For the records that follow, restate each one word for word and leave the images behind.

····················

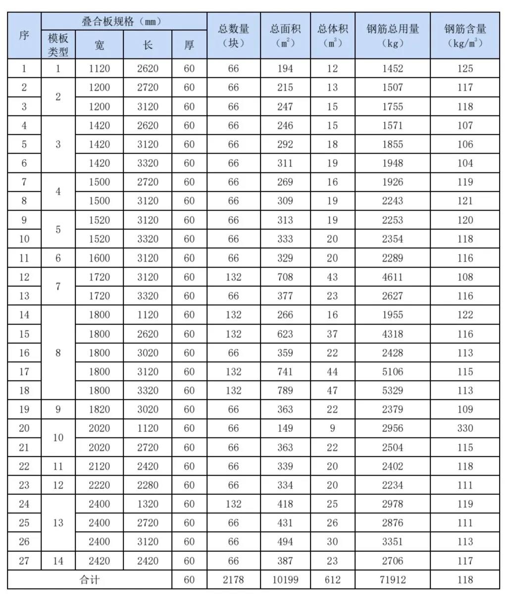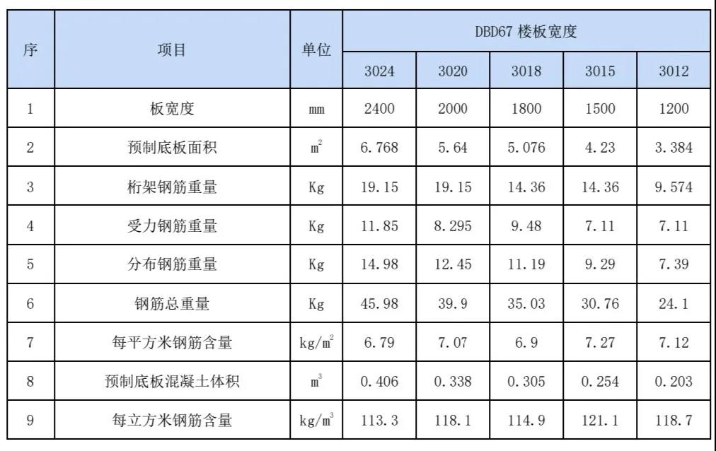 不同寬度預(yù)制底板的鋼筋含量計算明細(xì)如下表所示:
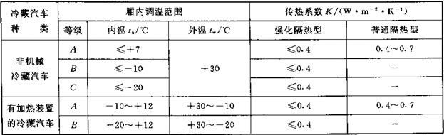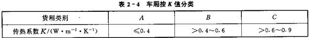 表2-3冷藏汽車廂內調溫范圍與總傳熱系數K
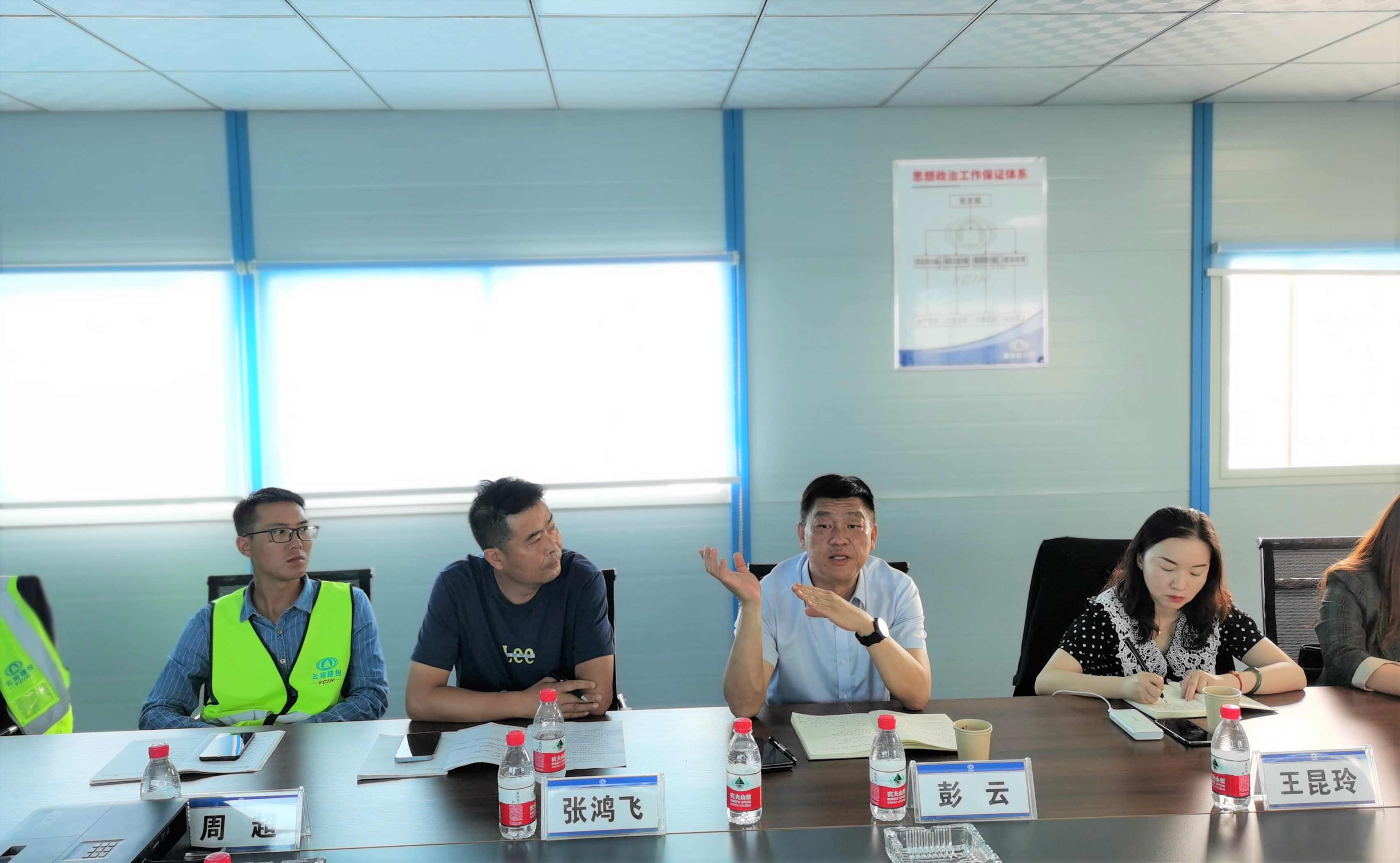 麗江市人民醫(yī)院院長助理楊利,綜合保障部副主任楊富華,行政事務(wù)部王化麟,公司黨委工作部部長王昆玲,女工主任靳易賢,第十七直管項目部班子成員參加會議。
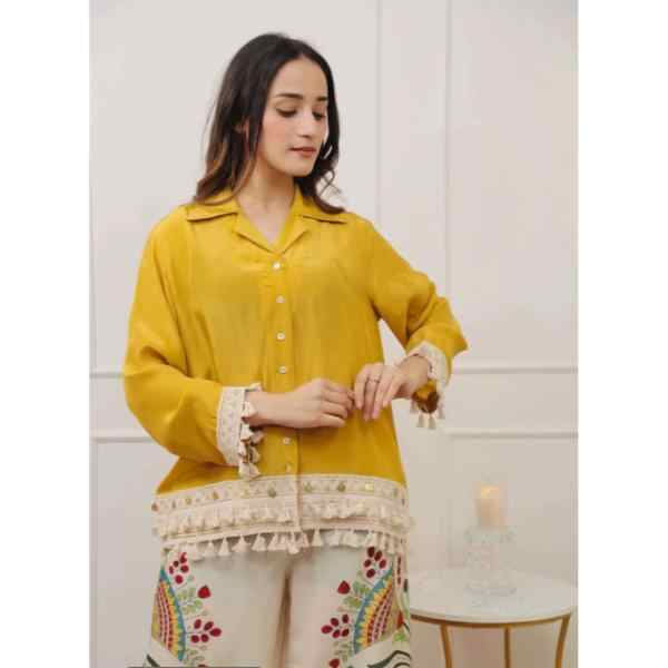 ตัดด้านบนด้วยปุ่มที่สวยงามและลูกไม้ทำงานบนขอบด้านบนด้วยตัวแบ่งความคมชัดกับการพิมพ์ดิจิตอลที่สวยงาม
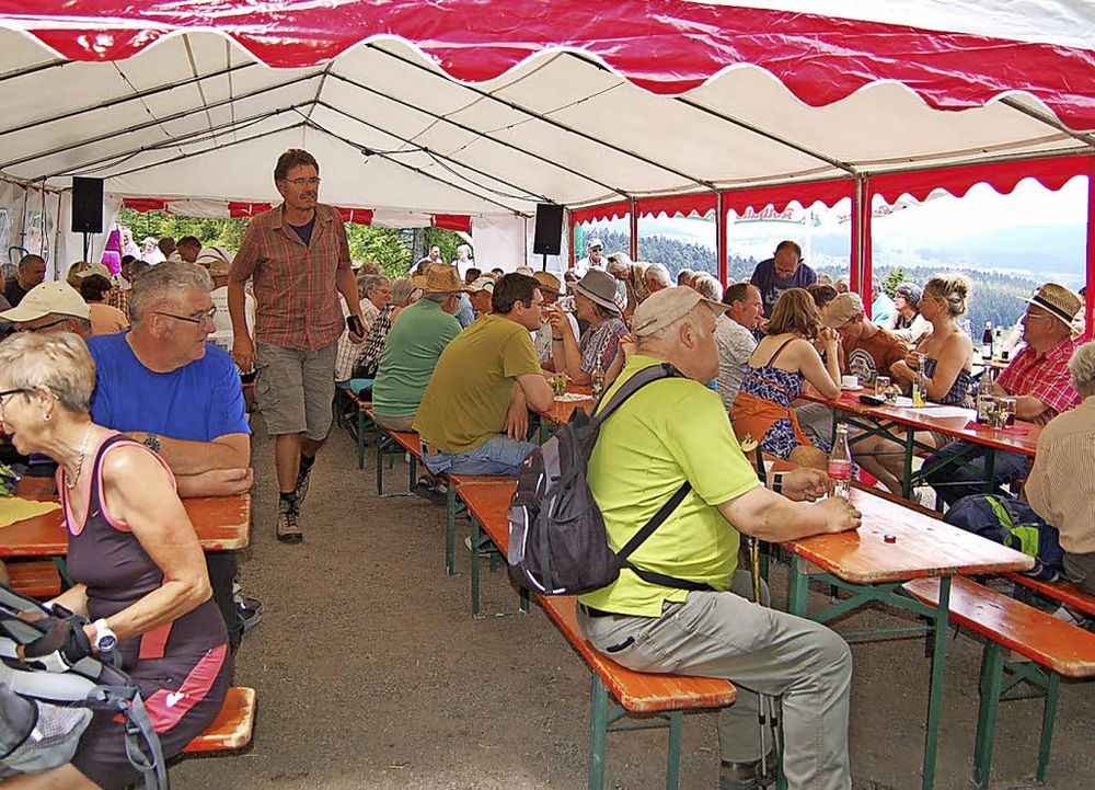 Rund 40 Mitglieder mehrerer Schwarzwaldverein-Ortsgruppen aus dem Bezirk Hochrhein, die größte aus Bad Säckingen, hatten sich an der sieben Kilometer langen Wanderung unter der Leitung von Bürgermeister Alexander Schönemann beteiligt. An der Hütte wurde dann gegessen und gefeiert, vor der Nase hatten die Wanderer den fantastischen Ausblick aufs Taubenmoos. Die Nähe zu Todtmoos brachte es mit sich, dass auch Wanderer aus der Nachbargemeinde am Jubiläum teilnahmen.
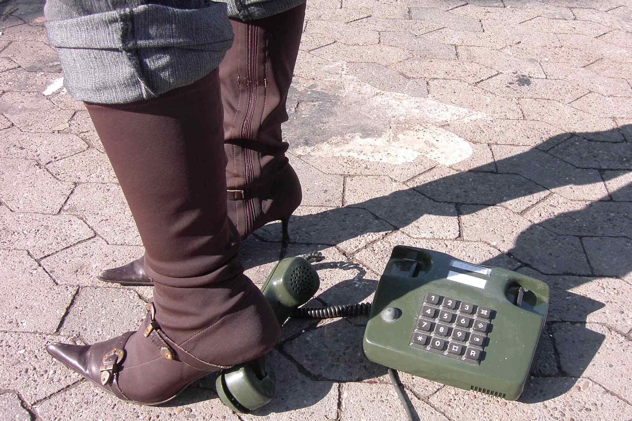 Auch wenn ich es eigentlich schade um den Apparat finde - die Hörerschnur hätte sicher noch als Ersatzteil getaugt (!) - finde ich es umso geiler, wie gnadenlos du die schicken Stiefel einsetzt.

····················

#### TASK RESPONSE:
 不同寬度預(yù)制底板的鋼筋含量計算明細(xì)如下表所示:
 表2-3冷藏汽車廂內調溫范圍與總傳熱系數K
 麗江市人民醫(yī)院院長助理楊利,綜合保障部副主任楊富華,行政事務(wù)部王化麟,公司黨委工作部部長王昆玲,女工主任靳易賢,第十七直管項目部班子成員參加會議。
 ตัดด้านบนด้วยปุ่มที่สวยงามและลูกไม้ทำงานบนขอบด้านบนด้วยตัวแบ่งความคมชัดกับการพิมพ์ดิจิตอลที่สวยงาม
 Rund 40 Mitglieder mehrerer Schwarzwaldverein-Ortsgruppen aus dem Bezirk Hochrhein, die größte aus Bad Säckingen, hatten sich an der sieben Kilometer langen Wanderung unter der Leitung von Bürgermeister Alexander Schönemann beteiligt. An der Hütte wurde dann gegessen und gefeiert, vor der Nase hatten die Wanderer den fantastischen Ausblick aufs Taubenmoos. Die Nähe zu Todtmoos brachte es mit sich, dass auch Wanderer aus der Nachbargemeinde am Jubiläum teilnahmen.
 Auch wenn ich es eigentlich schade um den Apparat finde - die Hörerschnur hätte sicher noch als Ersatzteil getaugt (!) - finde ich es umso geiler, wie gnadenlos du die schicken Stiefel einsetzt.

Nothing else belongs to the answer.